A Molecular Dynamics Investigation of Synthetic Collagen Thermal Properties

Composite biomaterials have been used for various medical applications as they contain specific physical, chemical and mechanical attributes while evading rejection by the body and encouraging proper function. One common material used for such function is collagen. As a triple helical, extracellular matrix (ECM) protein it constitutes approximately 25% of the total dry weight of mammals. The thermal properties of collagen can vary (320-370K) depending on the source, which impacts its physical properties, assembly, and stability. The social, physical, and financial expense of obtaining collagen, as its traditionally harvested from animals, has led to a need for synthetic collagen-like peptides. Synthetic collagen has a greater versatility due to their customizability, but a thorough investigation of their physical, and thermal properties as well as their binding capabilities must be completed prior to their production or use. This can be done by using computational modeling.
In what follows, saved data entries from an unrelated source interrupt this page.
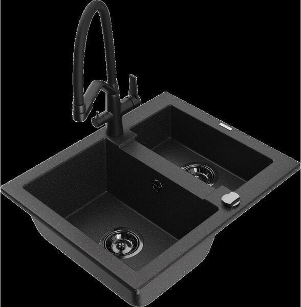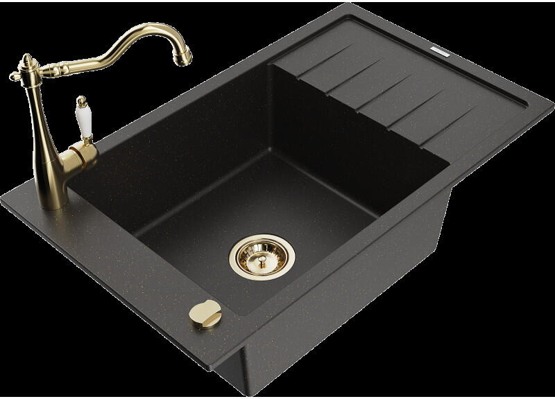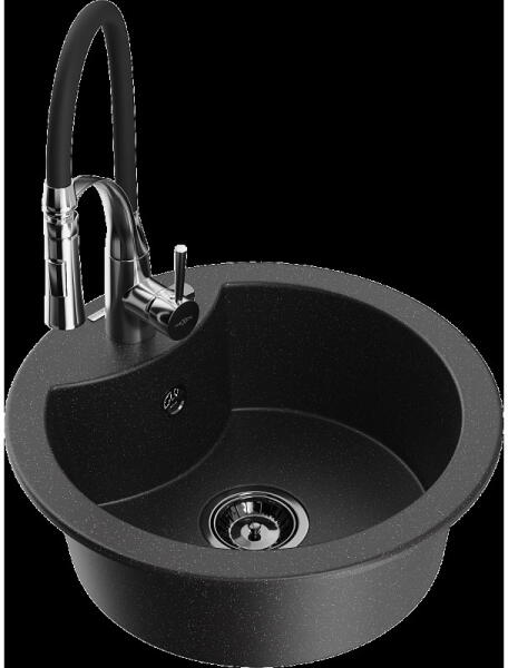 Mexen Leo, gránit mosogató 900x500x190 mm, 1 kamrás és Aster mosogató csaptelep, fekete-ezüst metál, 6501-73-73450-07-B Gyártó: Mexen Sorozat: Leo Modell: 1-kamrás s csepegtetővel Szín: fekete/ezüst metál Felületkezelés: sima Beépítés: felülről a munkalapba süllyesztve Hossza 900 mm Szélesség 500 mm Magasság: 190 mm Kamra mélysége: 180 mm Kamra mérete: 430x415 mm 500 mm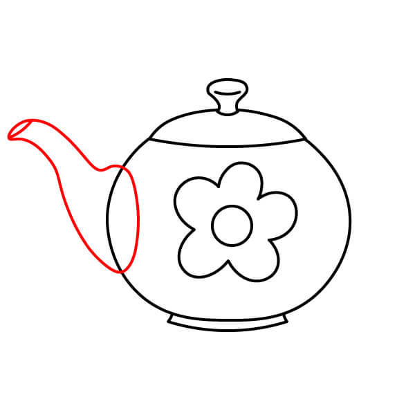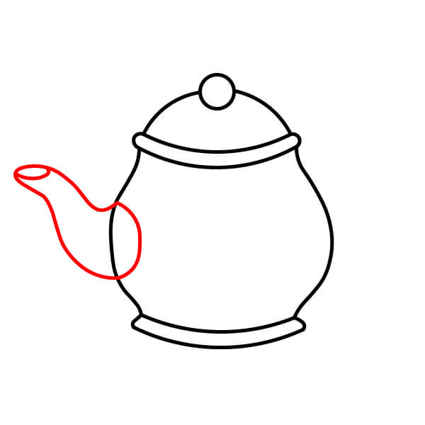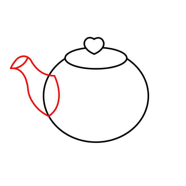 Na levé straně těla konvice nakreslete výlevku. Jedná se o zakřivenou výlevku, mírně ve tvaru písmene S, která se ke konci zužuje.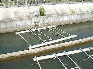 水路が地下へもぐるサイホンの入り口には鉄製のフロートのようなものがあり、多分流れ込む大きなごみ類をとめるものではないかと思いますが? |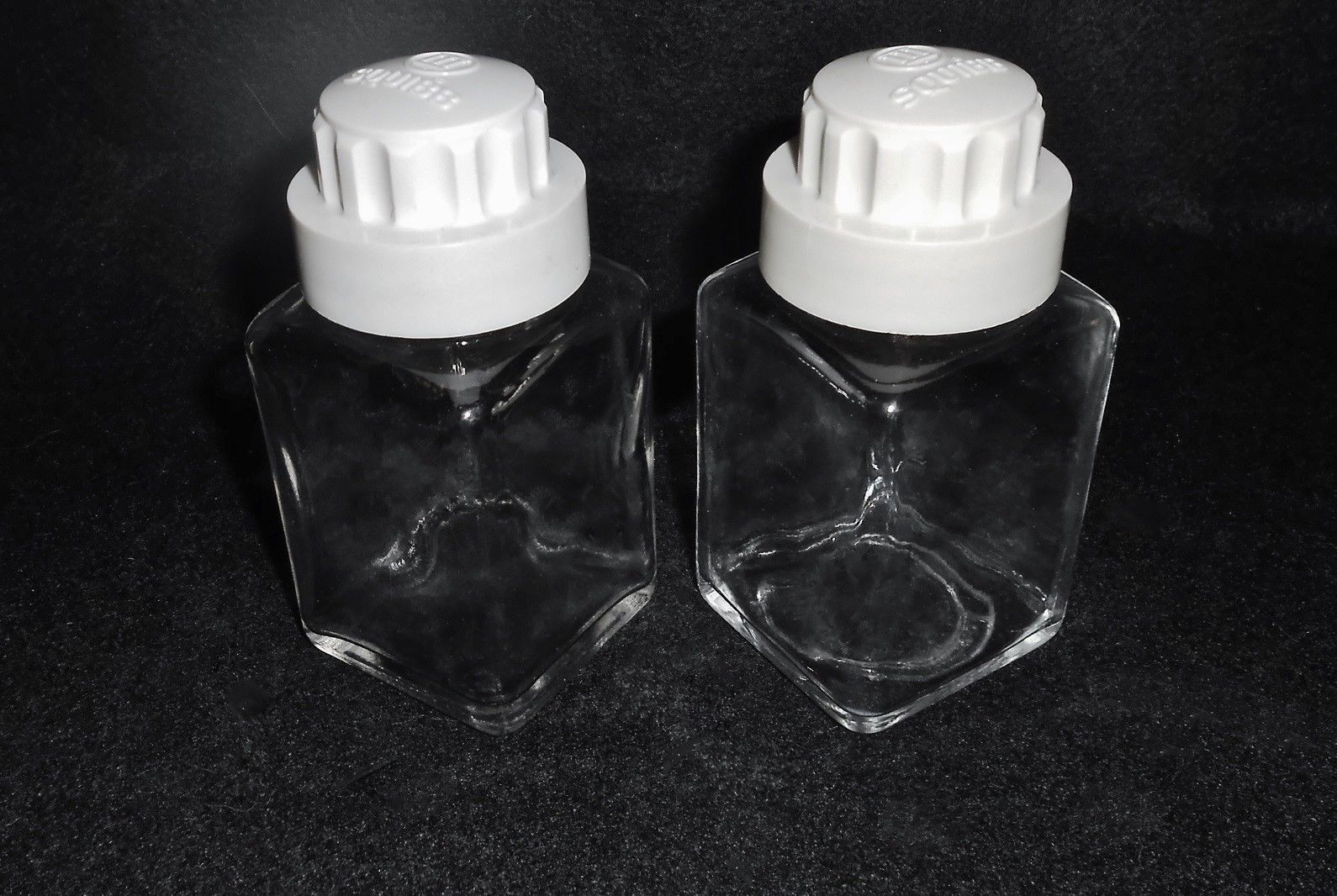 Title (ebay affiliate link): VINTAGE SQUIBB TALL GLASS APOTHECARY GLASS JARS - LOT OF 2with WHITE LIDS
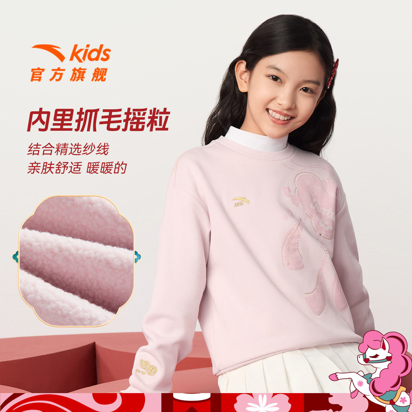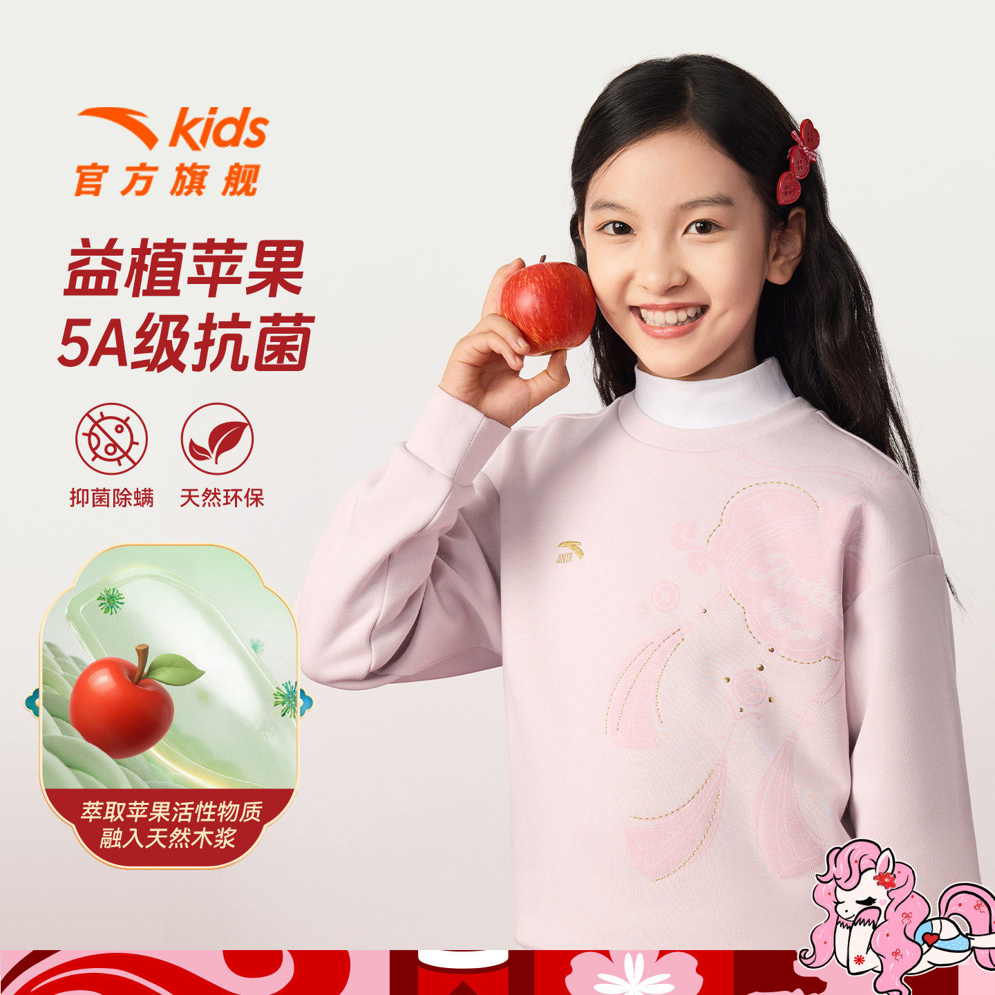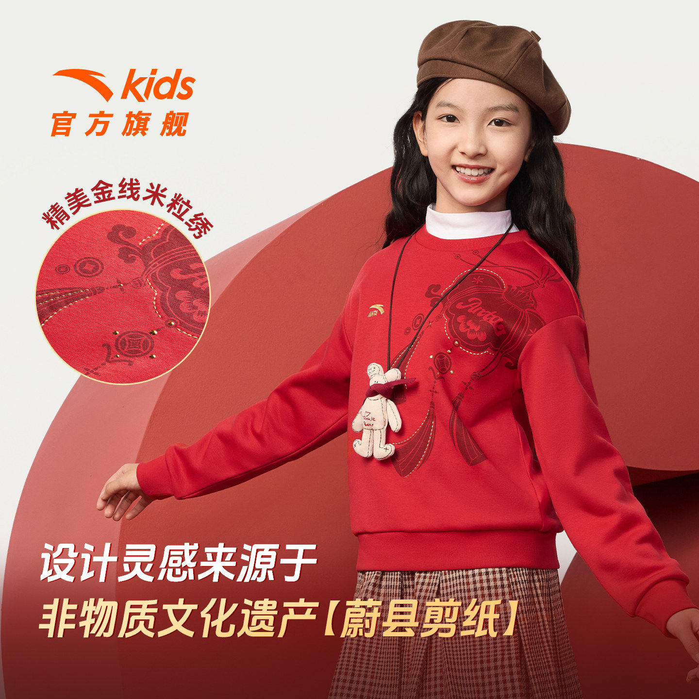 红色新年马年安踏儿童卫衣女童2026年宝宝上衣小公主洋气拜年衣服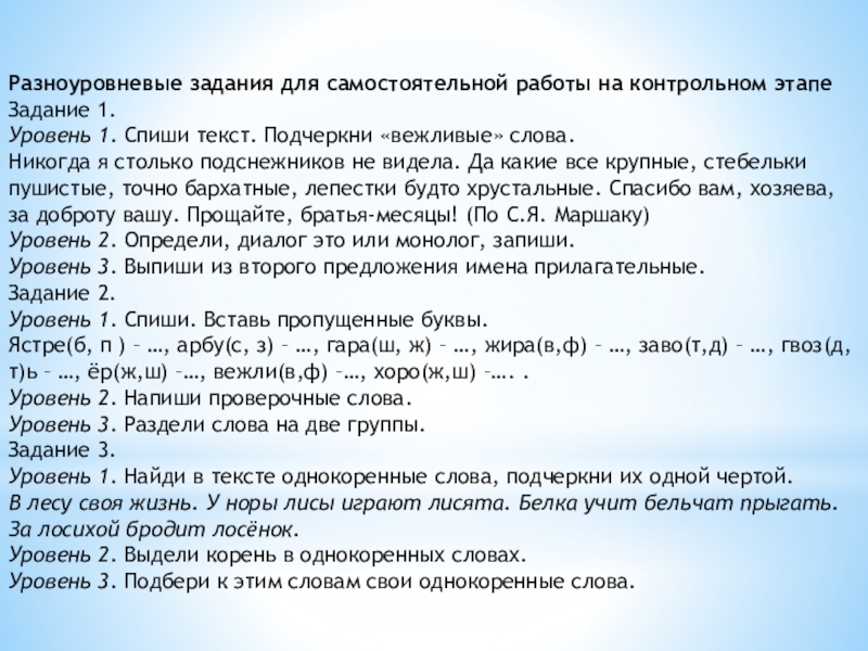 Слайд 6Разноуровневые задания для самостоятельной работы на контрольном этапе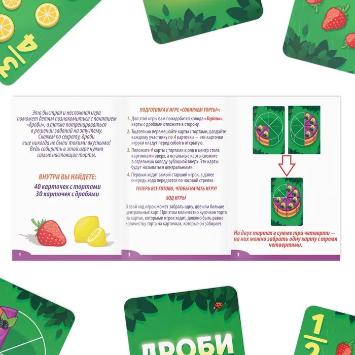 - «Ищем дроби»: участникам предстоит искать карты с тортиками, которые соответствуют какой-либо из его карт с дробями.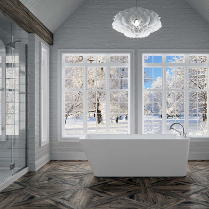 Introducing Lauzanne's modern rectangle freestanding soaking or air tubs, offering versatility with the option for deck mount faucets. These tubs feature a sleek rectangular design with subtle curves, end drain, and a wide rim, ideal for accommodating deck-placed tub fillers. Perfectly tailored for smaller bathrooms, they come in lengths of 60" and 66" with a narrow width of 30". With an above-floor rough-in design, these tubs boast a larger space underneath, simplifying installation, particularly for remodeling projects and slab installations. Complete with a modern slotted overflow and toe-tap feature, Lauzanne tubs combine functionality and style for an exceptional bathing experience.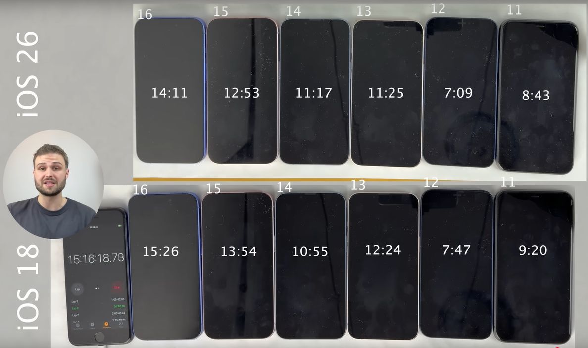 Энтузиаст взял iPhone 16, 15, 14, 13, 12, 11 и проверил их автономность сначала на iOS 18, а затем обновил их на iOS 26 и провел тот же тест автономности. Для обеих версий системы использовались одни и те же устройства с одинаковыми батареями. Это важно, поскольку, каждый iPhone имеет разный уровень износа батареи.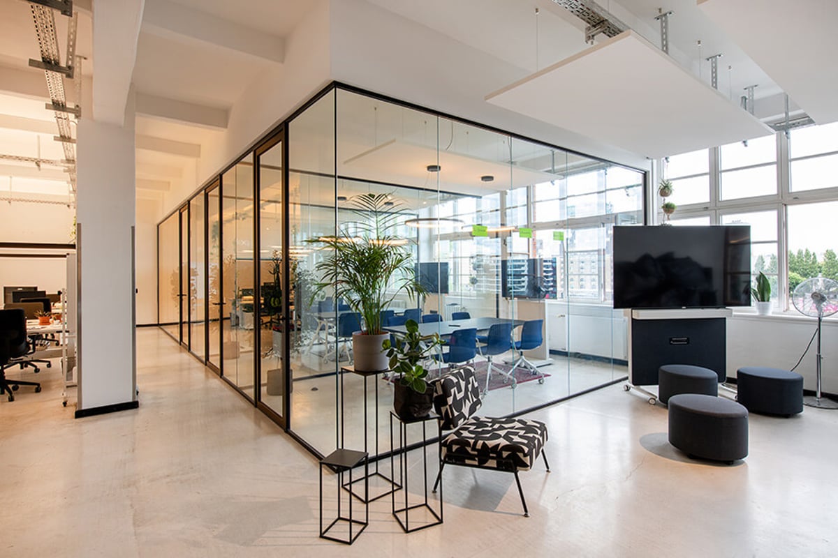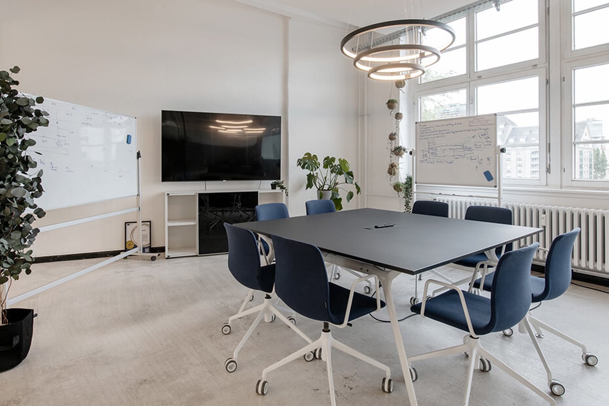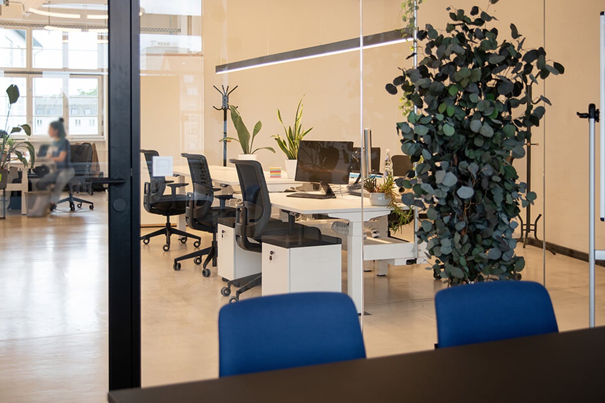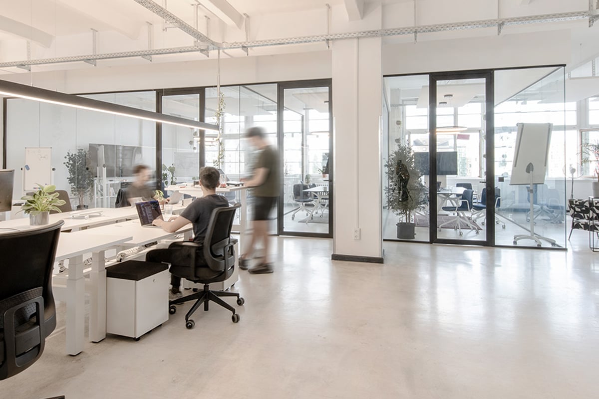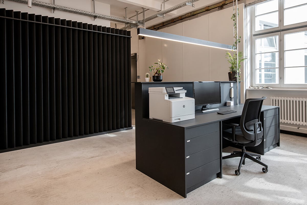 Located in the Kreutzberg district, the new offices respond to the work philosophy of a very agile, dynamic and flexible company in terms of hierarchies and timetables. An open-plan space with an open kitchen and communal area, fixed and flexible workstations, and three separate meeting rooms with glass partitions.

In this study, we use molecular dynamics modeling to explore the structure and physics of synthetic collagen 1K6F in a solvent environment in response to thermal alterations. Simulations of 2 and 4 peptides showed a notable influence of structural orientation of the strands. Visual analysis of the simulations showed a interactions between the stands at low temperatures with some structural disturbance at after 330K. The radius of gyration (Rg) showed the backbone of the molecule start to fold over time around 20 ns. Further an exploration of the Radius of Fluctuation showed varying wave patterns with amplitudes between 1.5 and 7.5 nm. However, a sinusoidal behavior was noticeable at 320 and 330K indicating a possible transition point. The observed sinusoidal waveform in the atomic fluctuation can be ascribed to the thermal influences within the system. We found that a higher number of hydrogen bonds appear at low temperature as there was increased interactions below 320K, but the peptides appear to go to the process of denaturation as temperature increase to 340K. Furthermore, the assembly behavior and protein biding sites were analyzed through composite simulation of silk and collagen. Our results highlight that the interaction strength of synthetic collagen with silk depends on the proportion of collagen within the system.